Exposed in 1954 expressive picture of British artist John Bratby, with the image of the dirty untidy kitchen has allowed an occasion criticism John Silvestre to christen Brotby’s style as “kitchen sink realism" - realism of a kitchen bowl. The term has got accustomed, and not only in paintings - the British art of 50s just as the Italian neo-realism, experienced explosion of interest to a life of simple people, people of working class. The cinema did not lag behind as well: in 1960s Karel Reisz has shot a film “Saturday night, Sunday morning", one more novel of A. Sillitoe " Loneliness of the long-distance runner " has been transformed into a film in 1962 by Toni Richardson. In 1963 young Lindsay Anderson has made sensational film “This Sporting Life “and has proclaimed creation so-called “Movement of free cinema ".

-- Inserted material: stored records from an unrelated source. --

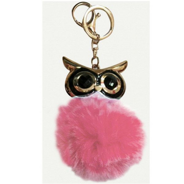 Брелок пушистый комбинированный Сова на цепочке с карабином удобно присоединять к рюкзаку, сумке, одежде, ключам.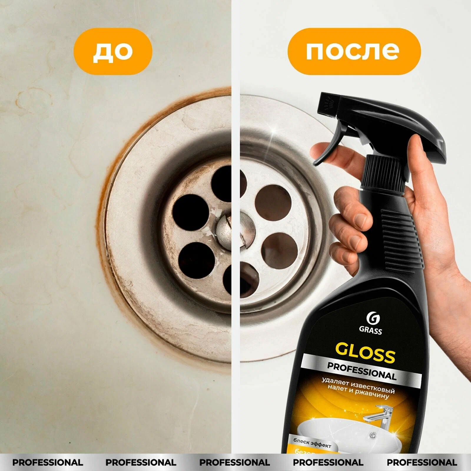Gloss Professional — мощное средство для глубокой очистки и сияющей свежести вашего санузла.
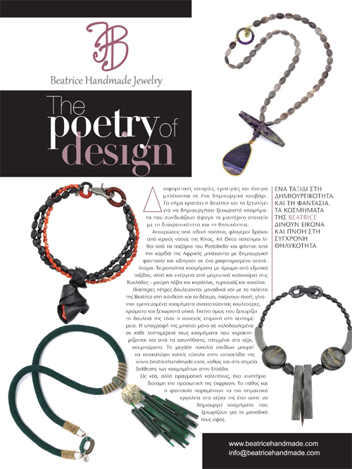 Ιδιαίτερες πέτρες δουλεύονται μοναδικά και με το ταλέντο της Beatrice στη σύνθεση και το δέσιμο, παίρνουν πνοή, γίνονται εμπνευσμένα κοσμήματα ανακατεύοντας κουλτούρες, χρώματα και ξεχωριστά υλικά. Εκείνο όμως που ξεχωρίζει τη δουλειά της είναι η συνεχής επιμονή στη λεπτομέρεια. Η υπογραφή της μπαίνει μόνο σε καλοδουλεμένα σε κάθε λεπτομέρειά τους κοσμήματα που χαρακτηρίζονται και από τα ασυνήθιστα, πλεγμένα στο χέρι, κουμπώματα. Τη μεγάλη ποικιλία σχεδίων μπορεί να ανακαλύψει κανείς εύκολα στην ιστοσελίδα της www.beatricehandmade.com, καθώς και στα σημεία διάθεσης των κοσμημάτων στην Ελλάδα.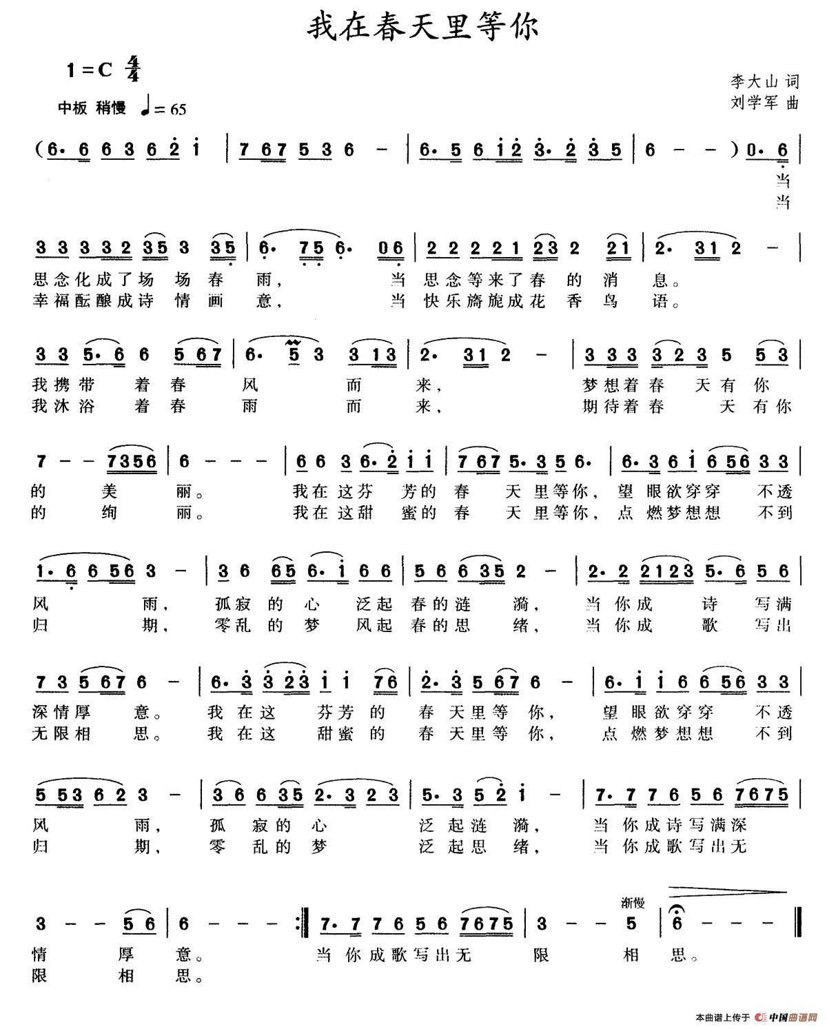 关于《我在春天里等你》曲谱的评论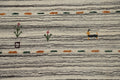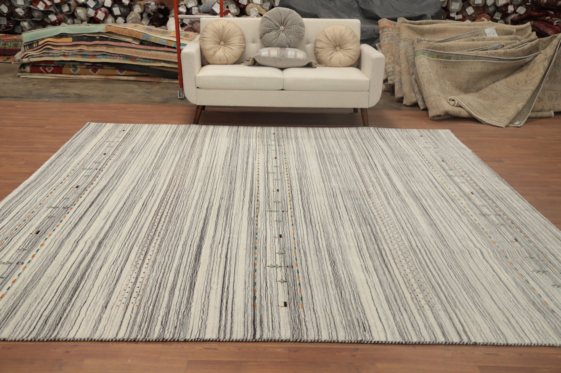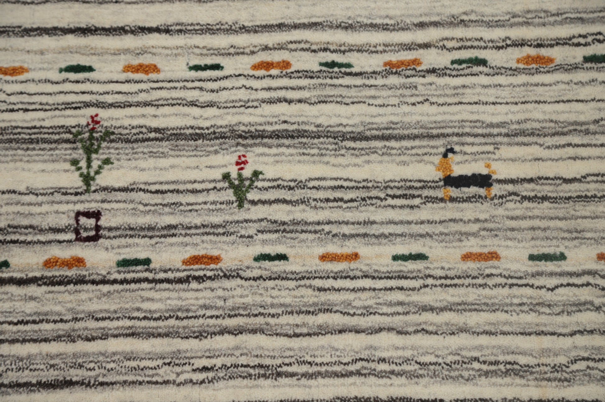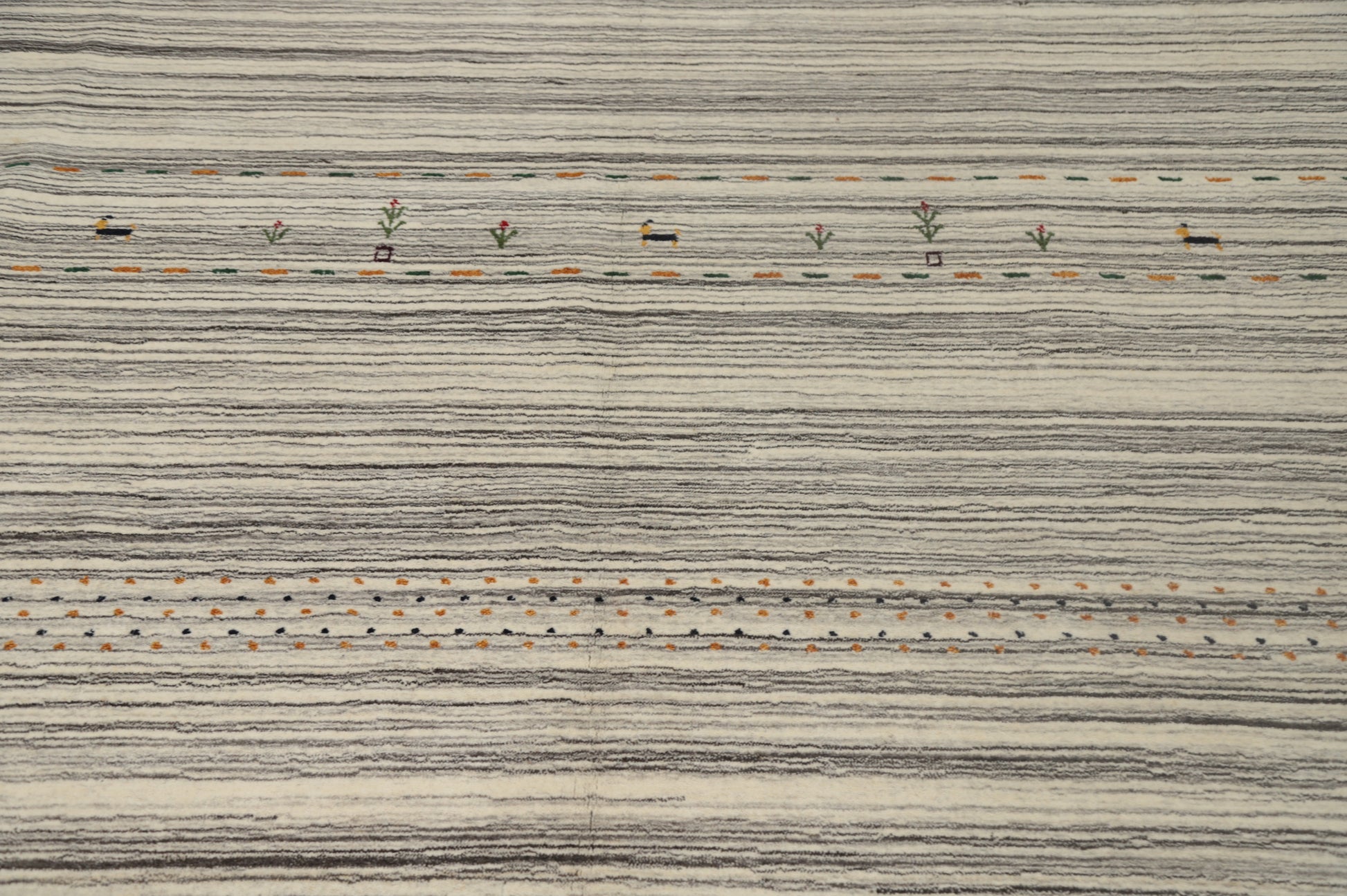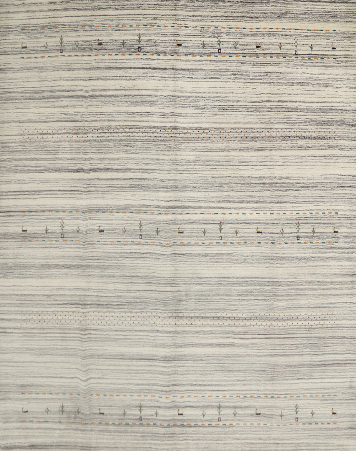 A Beautiful Genuine India Gabbeh rug is Hand Knotted by skillful weavers in India with 100% Wool Material. This rug is in New, First Quality condition. dimensions are 9' 10'' X 10' 0'' in foot and 300 X 305 in centimeter. the primary color is Beige & Ivories.

The new generation of British cinematographers has received the united name "the angry young men", their direction also refers to social realism and - at an early stage - free cinema. . In their films, often featuring in the depressive atmosphere of the visual life of the lower classes, are characterized by harsh criticism of all social structures of modern society as those filed in several detached, ironic, and the general vector of the flow can be described as being directed from the harsh criticism to ever more total ironic nihilism.
Samantha Lay (2002) have proposed that the angry young man have not been “poli...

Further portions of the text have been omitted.